Kraken Uses 3D Acoustic Sub-Bottom Imager to Support Taiwan’s Energy Transition

(Image credit: Kraken)

Since undertaking its first seabed survey project in Taiwan 3 years ago, Kraken Robotics Inc. (Kraken) has supported the installation of over 1.8 GW of green energy through the use of the innovative 3D acoustic Sub-Bottom Imager™ (SBI).

With a 10+ year track record and more than 30,000 kilometers of high-resolution seabed surveys for offshore energy, Kraken has provided services for major offshore developers and contractors such as Ørsted, Scottish Power Renewables, Scottish and Southern Energy, RWE, Equinor, and Vattenfall. From our initial activities mainly in Europe, Kraken has more recently expanded to support projects in the US and Asia Pacific, including Australia and Taiwan.

Taiwan has an ambitious target of generating 5.6 GW of green energy by 2025, and Kraken has been in country supporting this energy transition from an early stage, having supported the cable installation projects from 2021 onwards, providing cable burial assessment and highlighting areas of remedial trenching requirements.

Following successful projects, Kraken’s SBI has been recognized as the ideal cable assessment survey sensor for other regional projects which require cables to be buried deeper into the seabed providing protection from vessel traffic and mobile seabed sediments. By imaging to 5-meter burial depth, the SBI enabled these projects to image the entirety of the cable network, confirming their depth and thus their protection.

With successful offshore wind development projects to date relying on Kraken’s technologies, Taiwan has reached their 1.8 GW milestone early in 2024. With support from other Scottish-Based companies such as Motive Offshore, who have local personnel and facilities, Kraken has been able to maintain SBI units in Taiwan, storing and maintaining them when not in use offshore.
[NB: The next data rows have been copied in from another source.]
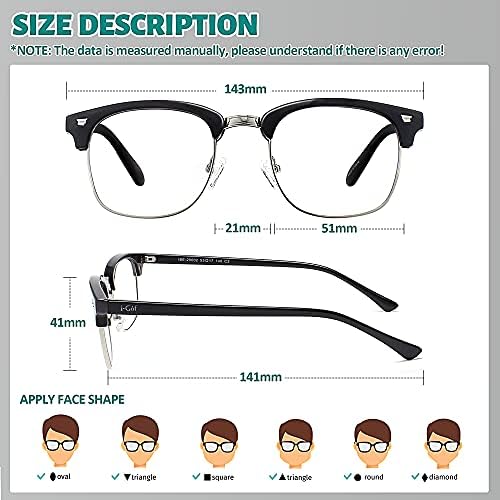 i-Gof Photochromic Blue Mild Blocking Glasses Retro Semi Rimless UV400 Filter Laptop Eyewear for Males Ladies Classic Half Body Anti Eyestrain Laptop Gaming Glasses
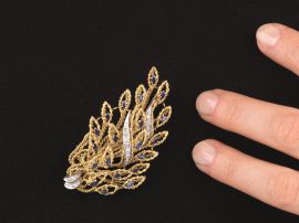 SPILLA IN ORO GIALLO E BIANCO CON ZAFFIRI E DIAMANTI
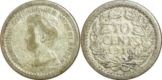 AA424 Netherlands 10 Cents Ducat Wilhelmina 1916 Argent Silver ->Make offer
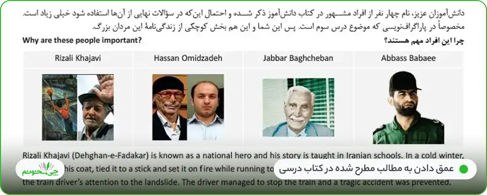 از دیگر نکات درسنامههای این کتاب، بسط دادن موضوعات مطرح شده در کتاب درسی است؛ برای مثال در درسنامه درس 1، علاوه بر اطلاعات محدودی که در تعدادی از افراد مشهور ایرانی، ذکر شده بود، اطلاعات بیشتر به همراه ترجمه، به دانشآموز داده شده تا در صورت مطرح شدن سوال از این بخش، آمادگی کافی داشته باشد.

With more projects on the horizon, Kraken’s supported total will surpass 3 GW in 2025, representing over 50% of installed capacity in Taiwan, all of which will have been during the construction phase. As windfarms complete construction and enter the operational and maintenance phase, additional cable inspections are required periodically throughout the operational life of the windfarm, providing future market opportunities.